High Temperature

Gas-solid fluidized beds are widely employed in chemical and metallurgical industries due to their unique and favorable characteristics in heat and mass transfer, gas-solid contact, and uniform and controllable temperature. They are capable of being employed for processing a wide range of particulate materials including low quality feedstocks like waste feedstocks. Gas-solid fluidized beds are also employed in many under-development technologies for CO2 capture and CO2 utilization for transition to green energy.

Interparticle forces (IPFs) are among the important parameters that can significantly affect the hydrodynamics of a gas-solid fluidized bed and, hence, its overall performance. They are particularly critical for ultrafine powders for which hydrodynamic behavior is principally controlled by these forces rather than hydrodynamic and/or gravitational forces. Another situation that IPFs can play an important role is at elevated operating conditions where the magnitude of these forces is generally greater than that at ambient conditions.

The main challenge in adequately accounting for the contribution of IPFs in hydrodynamic behavior of a gas-solid fluidized bed lies in the unavailability of a reliable technique for in-situ quantification of these forces.

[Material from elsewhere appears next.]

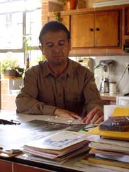 Fragui: Con la pintura pretendo lo que pretendo con todo lo que hago, darme mucho goce personal, goce estético, así como disfruto haciendo un cuadro puedo disfrutar haciendo un gol, cuando puedo porque ahora cuestan más, y están un poco escasos. Me produce mucha felicidad la pintura. El asunto es sencillo, cuando éramos niños todos pintábamos, todas esas cosas eran festejadas, el hombre por razones de trabajo abandona todo eso, he querido desde hace algún tiempo recuperar algunas cosas que hacía cuando niño. Creo que mi poesía y mi pintura van de la mano.

Therefore, the primary goal of this study is to develop a reliable approach to quantify the magnitude of these forces in comparison to hydrodynamic/gravitational forces. Subsequently, hydrodynamic models/correlations will be developed in order to simultaneously consider the effect of gravitational, hydrodynamic, and interparticle forces on hydrodynamic behavior of these units.

Bubble columns (BCs), which contain gas and liquid phases, and slurry bubble columns (SBCs), which contain gas, liquid, and solid phases, are among widely utilized multiphase reactors in industry. They are characterized by bubbly flows, where a dispersed gas phase is injected into a pure liquid phase or a slurry, which is a mixture of liquid and fine solids. BCs and SBCs are widely adopted in several chemical, biochemical, and petrochemical processes, particularly when the overall reaction rate is mass transfer limited. The construction of these columns is relatively simple, yet their scale-up is very challenging due to the complexity of their hydrodynamics and, hence, heat and mass transfers. Many studies have focused on the hydrodynamic aspects of BCs and SBCs while most of them have been conducted at laboratory or pilot scale. Therefore, reliable scale-up procedure/criteria are required to design industrial-scale BCs/SBCs. To achieve this goal, it is crucial to have a comprehensive knowledge about global and local hydrodynamics of BCs and SBCs. Hydrodynamic parameters including gas holdup, bubble size distribution, bubble velocity, liquid flow pattern, solids distributions, to name a few, have considerable impacts on the performance of these units. Predictive models have usually been utilized to estimate hydrodynamic parameters in BCs and/or SBCs.

These models should comprise all influential parameters, including design parameters (sparger, column geometry, internals, etc.), operating conditions (pressure and temperature, flow rates, feed composition, solid concentration, etc.), and physical properties of materials (viscosity, surface tension, heat capacity, density, thermal conductivity, particle size, etc.). However, the available models mostly neglect the influences of many parameters, such as pressure, temperature, and solids properties.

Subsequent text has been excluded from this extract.